Captain Robert H. Phillips served in China with the American Y Forces in Kunming, Yunnan Province. He was in the Salween River Gorge Campaigns.

 

 

According to his daughter, Christina Sharik, Phillips had struggles with bad dreams for a long time after the war. He also did many drawings and paintings based on China. The following is a pencil drawing of the mountains in the rain.

 

 

Sharik wrote a poem for her father, and Barbara McMurray Hyde read it in China in July when she and her sister went to Kunming for a ceremony honoring the fallen American soldiers – her father died during the Salween River (called Nujiang River in China) Campaign.

 

In Memory of my Father,

Capt.
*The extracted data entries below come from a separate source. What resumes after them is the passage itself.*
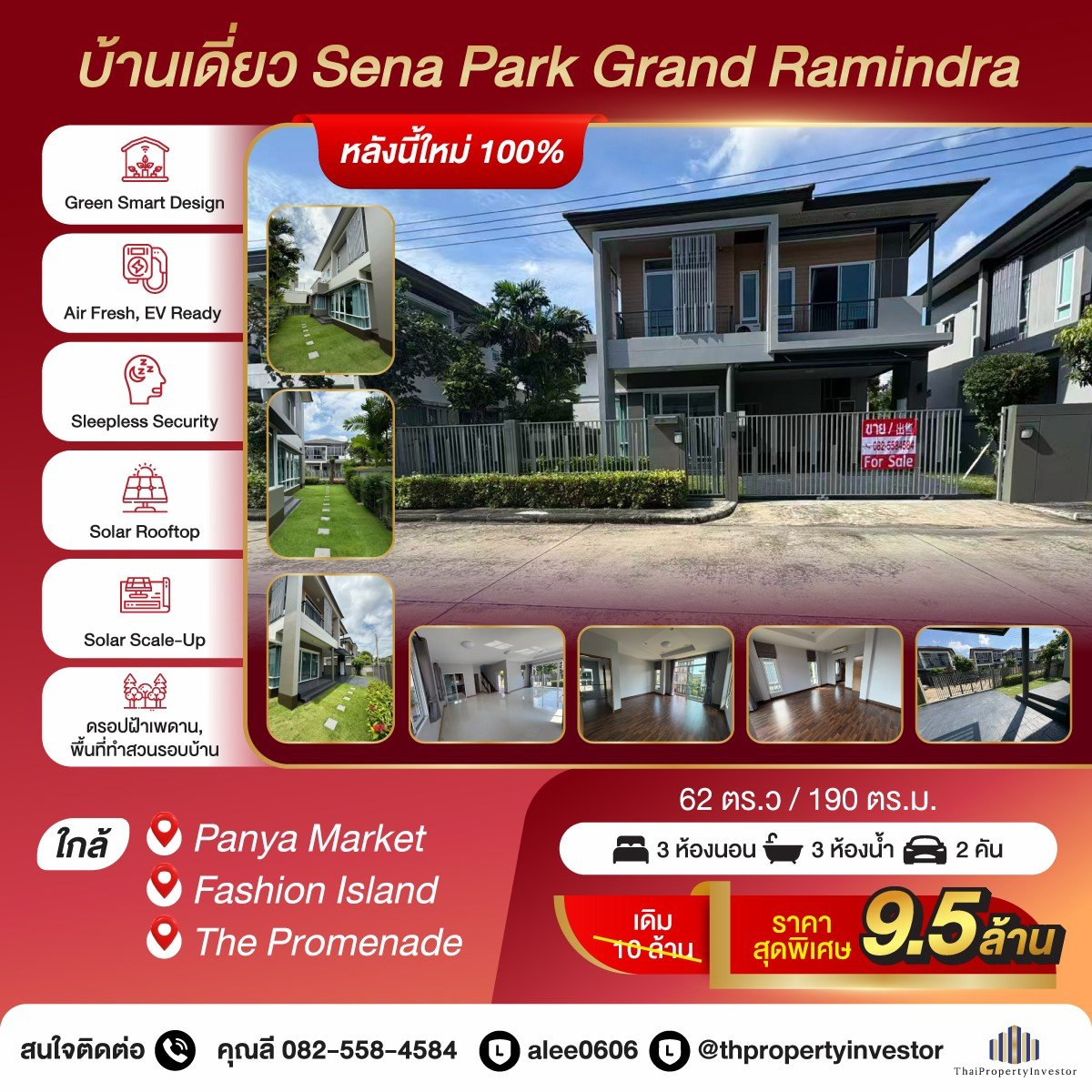 บ้านใหม่ 100% ! ทำเลติดถนนวงแหวนกาญจนาฯ เพียง 5 นาที ถึงห้างแฟชั่นฯ !ขายบ้านเดี่ยว เสนา พาร์ค แกรนด์ รามอินทรา (Sena Park Grand Ramindra) 62 ตร.ว (Green Smart Design )Solar Rooftop และ Solar Scale-Up !
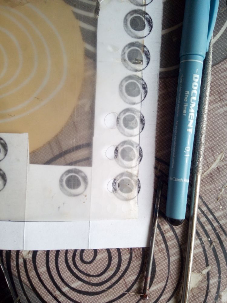 Распечатка глаз на бумаге, кому как нравится. Коректором наношу белый слой, чтобы не промокало лаком и созадать белую подложку. По краю энвиротекс, глиттер, на грячий чайник для быстрого высыхания. Зона, за которую держал зажимом потом обработана красным голографическим глиттером. Поверх нижний край покрасил тонким слоем прозрачнго оранжевого. Тонкий слой лака.
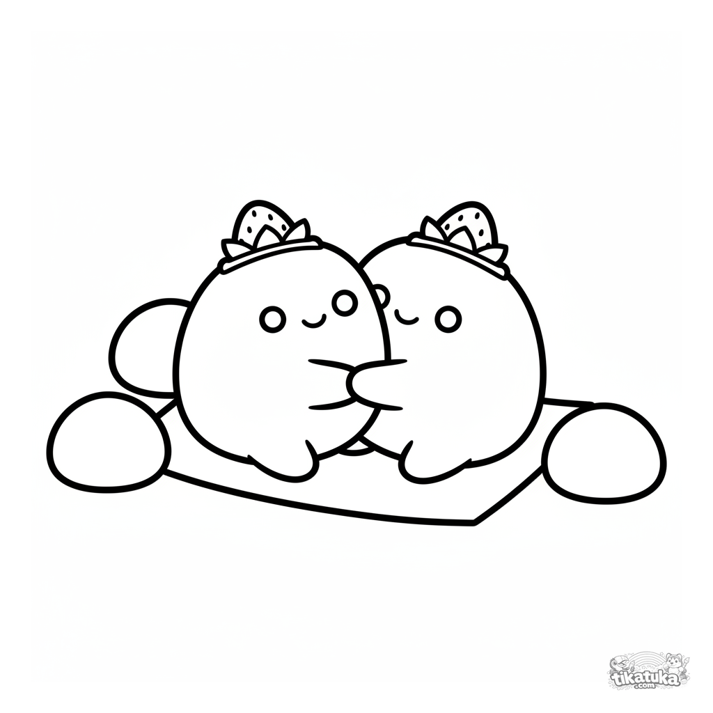 Página para colorear para niños pequeños: dos lindos mochi de fresa abrazándose en una hoja de papel de arroz entre otros mochi. Formas simples y márgenes amplios.
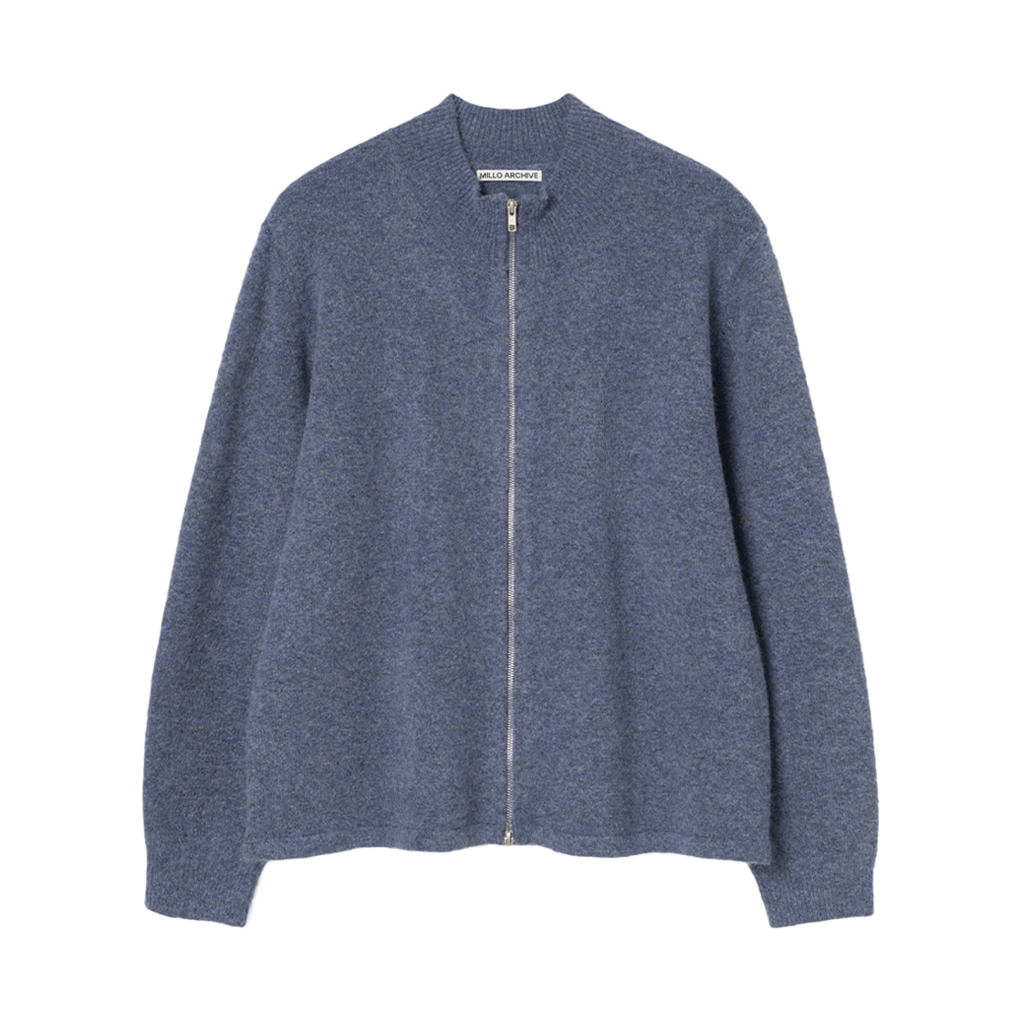 밀로 아카이브 크롭 헤어리 니트 집업 인디고 블루

Robert H. Phillips,

CBI (China, Burma, India) Theater,

Bronze Star Recipient for the Salween River Gorge campaign

 

DEAR DAD

 

I wish that you could talk with me

and tell me where you’d been

when you were in old China

and fought at the Salween.

 

Up and down the River’s gorge

leading Chinese men

It must look so different now;

Would you go back again?

 

If I gave you a ticket

to places you were bloodied

would you go with me and show me?

Would your memories be muddied?

 

I’m trying to find the place you fought

in heat, and rain and mud;

when your uniform was sweat-stained

and your shirt was smudged with blood…

 

when you fought and killed an enemy

and brought his letters home;

Where you swore to never kill again

Where you felt so all alone.

 

I’ve found a picture of the steppes

along the Salween Gorge

Do all soldiers dream the way you did?

Were their hearts like iron forged?

 

If I went to China’s River now

and stood on her steep bank;

would I find a piece of your soul there?

Who would I have to thank

 

for the strange ways you reacted,

for all the nightmares that we shared;

for the man you hid from all of us

for the way you left us scared.

 

I wish I’d known the man you were

before you met the River

whose current carried you away

and that man was lost forever.

 

 

(China.org.cn September 19, 2005)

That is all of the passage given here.